Triages new tickets, drafts replies, and routes each one in Slack.

What it does for you

The automation works your inbound queue on the cadence you set. It reads each new ticket, classifies it by topic and urgency, tags it in Zendesk, and drafts a reply in the customer's own context. Anything that needs a human decision is routed to the right person in Slack with a one-line summary of why.

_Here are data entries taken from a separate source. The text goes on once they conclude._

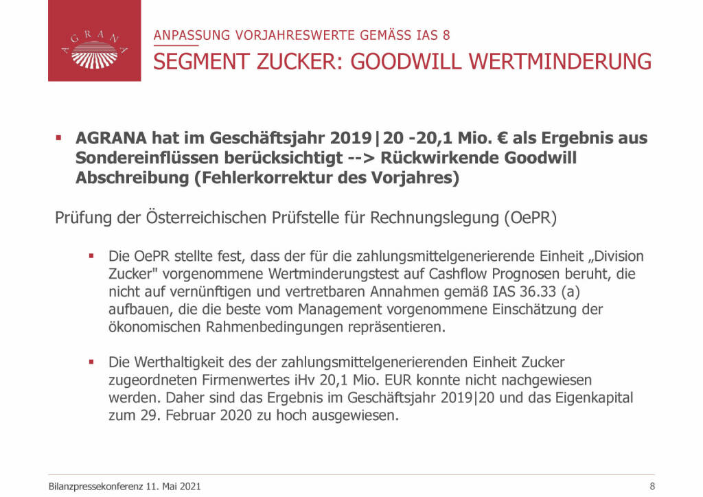 Agrana - Segment Zucker: Goodwill Wertminderung (20.05.2021)
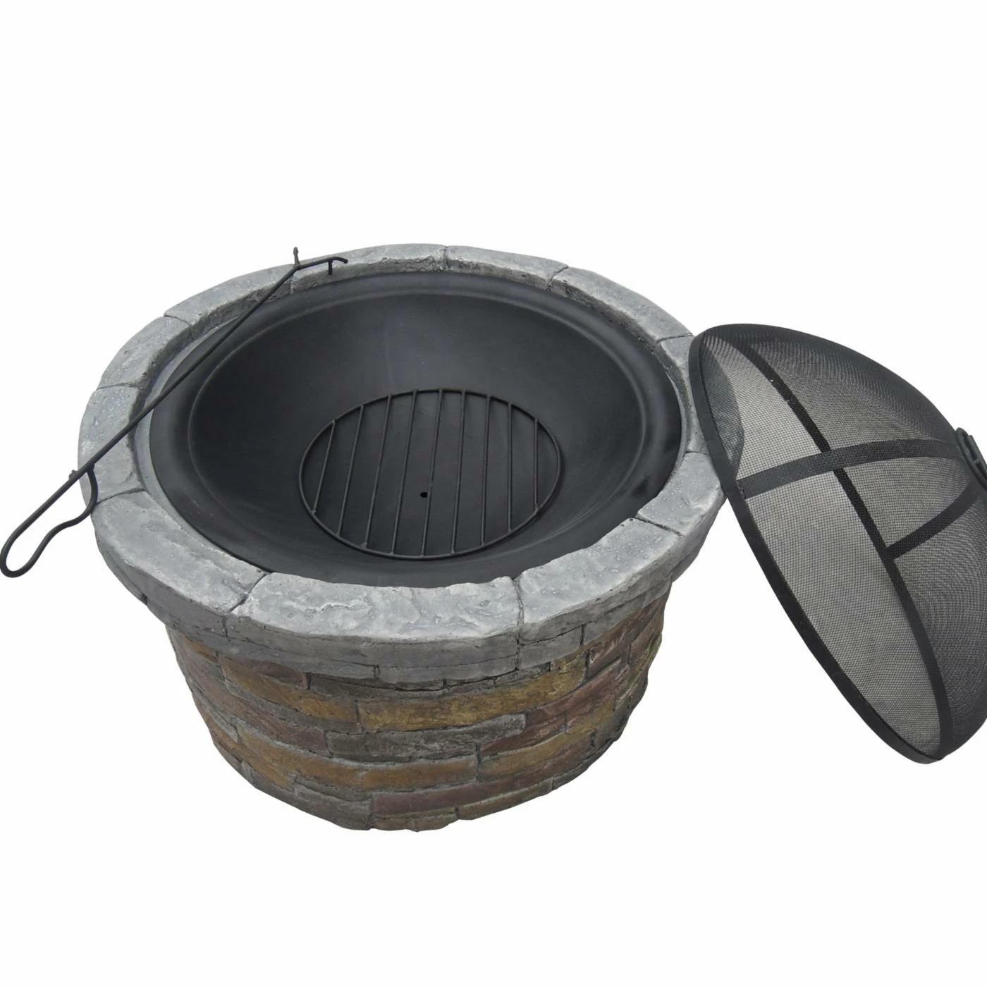 Bonfires are one of the best ends to a long summer day and the Peaktop Stone 26.6 diam. Fire Pit with Cover will provide a safe and cozy fire for you and the guest of your choosing. This round stone fire pit, constructed from concrete and steel, is the perfect size for a small gathering with s’mores and good company or a glass of wine with your special someone. This fire pit comes complete with a cover to protect you from the flames and sparks, a charcoal grid and poking stick are also included. The cover removes for easy cleaning.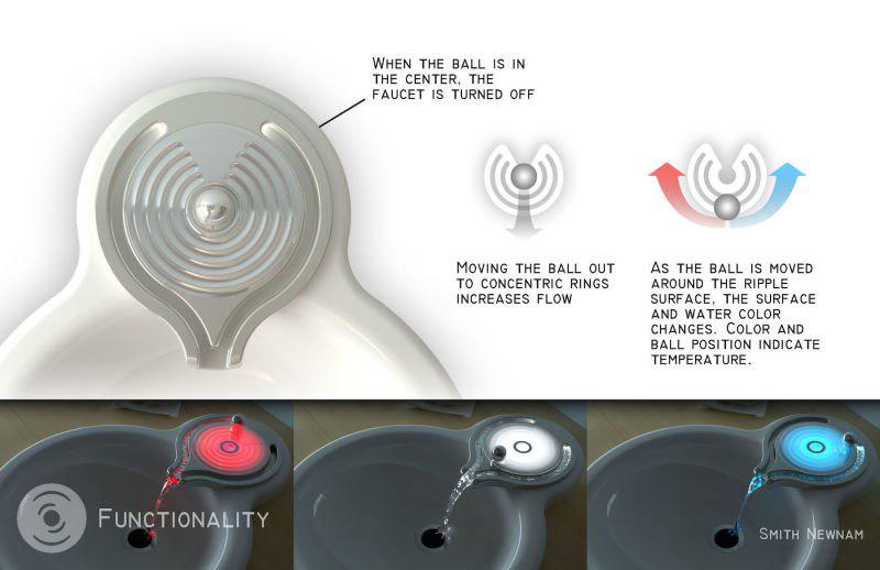 در نمونه ي بعدي که سال 2008 توسط Smith Newnam ساخته شد، با استفاده از حرکت يک توپ فلزي بر روي سنسورهاي الکترومغناطيسي، کنترل دما و جريان آب انجام ميشود.
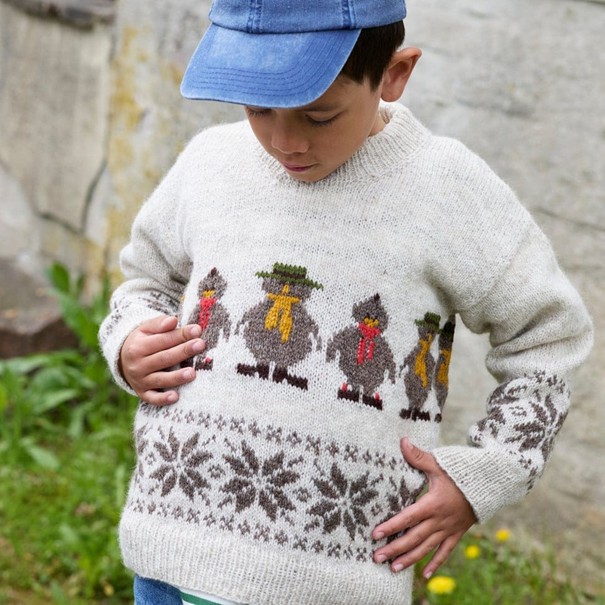 Flåklypagenseren er en morsom og nostalgisk barnegenser med Solan og Ludvig i hovedrollen 🤩 Genseren er designet i samarbeid med Flåklypa og strikkes i Finull – et slitesterkt ullgarn som gir både varme og lang levetid. Den har klassiske mønsterborder, åttebladsmønster fra Il Tempo Gigante og broderte detaljer som setter prikken over i-en. Genseren strikkes ovenfra og ned i glattstrikk, med mønsterborder og smarte teknikker som vendepinner og maskesting – akkurat passe oppfinnsomt, uten å bli for avansert. En perfekt genser for små eventyrere!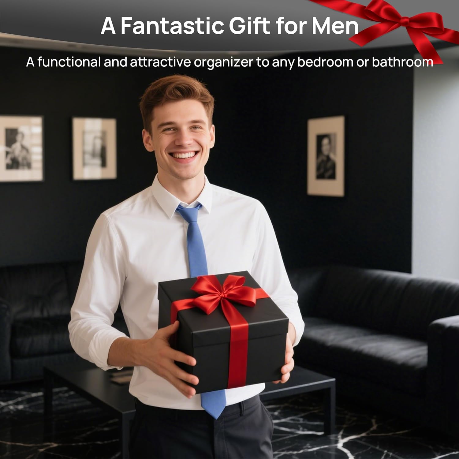 - [An Fantastic Gift for Men]Unique black organizer combines durability with a stylish and modern appearance.This organizer is the perfect choice as a gift to boyfriend,son,husband, dad,and friends .The fashionable design is compatible with the decoration of any room.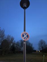 Lampe auf Promenade Riemer Park defekt; Nähe Heinrich-Böll-Str.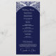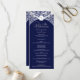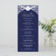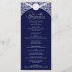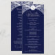 This wedding program card features a deep blue background highlighted with ornate silver flourishes for a refined and formal appearance. A crest at the top elegantly frames the monogram initials, while the central section showcases the couple’s names and the complete wedding service details in a clean and organised format. The pairing of rich blue with shimmering silver creates a timeless and sophisticated design, perfect for evening weddings and classic celebrations.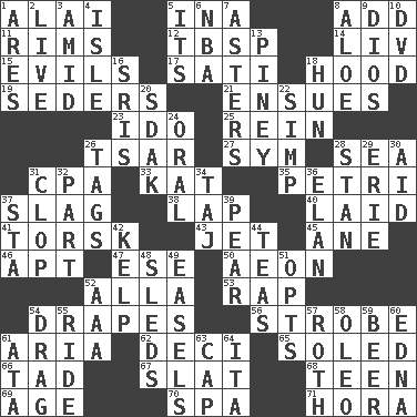 ACROSS 1. Mountain range southwest of Kyrgyzstan 5. _ tizzy (2 wds.) 8. Increase 11. Basketball hoops 12. Cook's measure (abbr.) 14. 54 in ancient Rome 15. Vices 17. Suttee (variant) 18. Parka part 19. Spring feasts 21. Takes place subsequently 23. Wedding promise 25. It's straight from the horse's mouth 26. Russian ruler of old 27. Symbol (abbr.) 28. Ocean 31. Accounting whiz (abbr.) 33. Krazy ___ of comics 35. _ dish (used to culture cells) 37. Volcanic refuse 38. Infant locale 40. Put down 41. Cod relative 43. Passenger plane 45. One (Scot) 46. Fitting 47. Compass dir. 50. Period of immesurable duration 52. Silent film actress Nazimova 53. Hit sharply and swiftly 54. Window treatments 56. Disco prop 61. Roberta Peters solo 62. Tenth: prefix 65. Having a sole or soles 66. Small boy 67. Narrow board 68. Adolescent 69. Ripen 70. Health resort 71. Israeli folk dance DOWN 1. Ancient Greek god of war 2. Moving, as bait 3. Among 4. Capri or Wight 5. ___ a Wonderful Life 6. Basketball assoc. 7. Michaelmas daisies 8. Medicinal plant 9. "Vaya con ____" 10. Movie disc 13. Abounding in pines 16. Indian titles of respect 18. Attila the _ 20. Neighbor of Neb. 22. Simple or foolish person 24. Spoken 26. Labels 28. Comedian Laurel of Laurel & Hardy 29. One of the Great Lakes 30. Assist 31. Hoof sound 32. Component 34. _ Mahal 36. Style 37. R.R. building 39. Lightbulb-shaped fruit 42. Seaweed 44. Beverages made from leaves 48. Bobsleighs 49. Artist's stands 51. Elects 52. Auto club (abbr.) 54. To draw with force 55. Travel on an animal 57. Writer of Portnoy's Complaint (1969) 58. Margarine 59. Fermented drink made from hops 60. Pulitzer Prize-winning author Ferber 61. _ moment's notice (2 wds.) 63. Head covering 64. Call ___ day

You open a queue that is already sorted, the routine replies drafted and the genuine escalations on top.

Why it's safe to hand off

Scoped access

  • Zendesk, read and tag tickets
  • Gmail, draft replies only
  • Slack, post to one channel

How it fails silently

Triage fails in a way that looks like success. The agent reads a terse message, decides it is spam or a duplicate, closes it, and the run goes green while the ticket count drops. But the closed ticket was a real bug from a paying customer, or an at-risk account dropped into the general queue to sit for three days. The wrong call and the right call leave the same trace, a closed ticket, so the queue looks spotless while it quietly leaks the cases that matter most.

What the overseer catches

On each run, the overseer reads every ticket back against what the agent did with it and asks whether the two actually match. A message describing a clear bug that got closed as spam, or an angry enterprise customer dropped into the general queue, is exactly the mismatch it catches, raising that ticket for you instead of letting it pass as one more cleared item.

What still reaches you

The routine tickets are handled without you. Password resets, how-to questions, and clear duplicates get a drafted reply and the right tag, and you never see them unless you go looking.

What reaches you is the judgment: the suspected bug, the account showing churn signals, the refund that sits outside policy. Those land in Slack with the context already gathered, so the only thing left for you is the decision. You stay in the loop on the calls that need a human, and out of the loop on the ones that do not.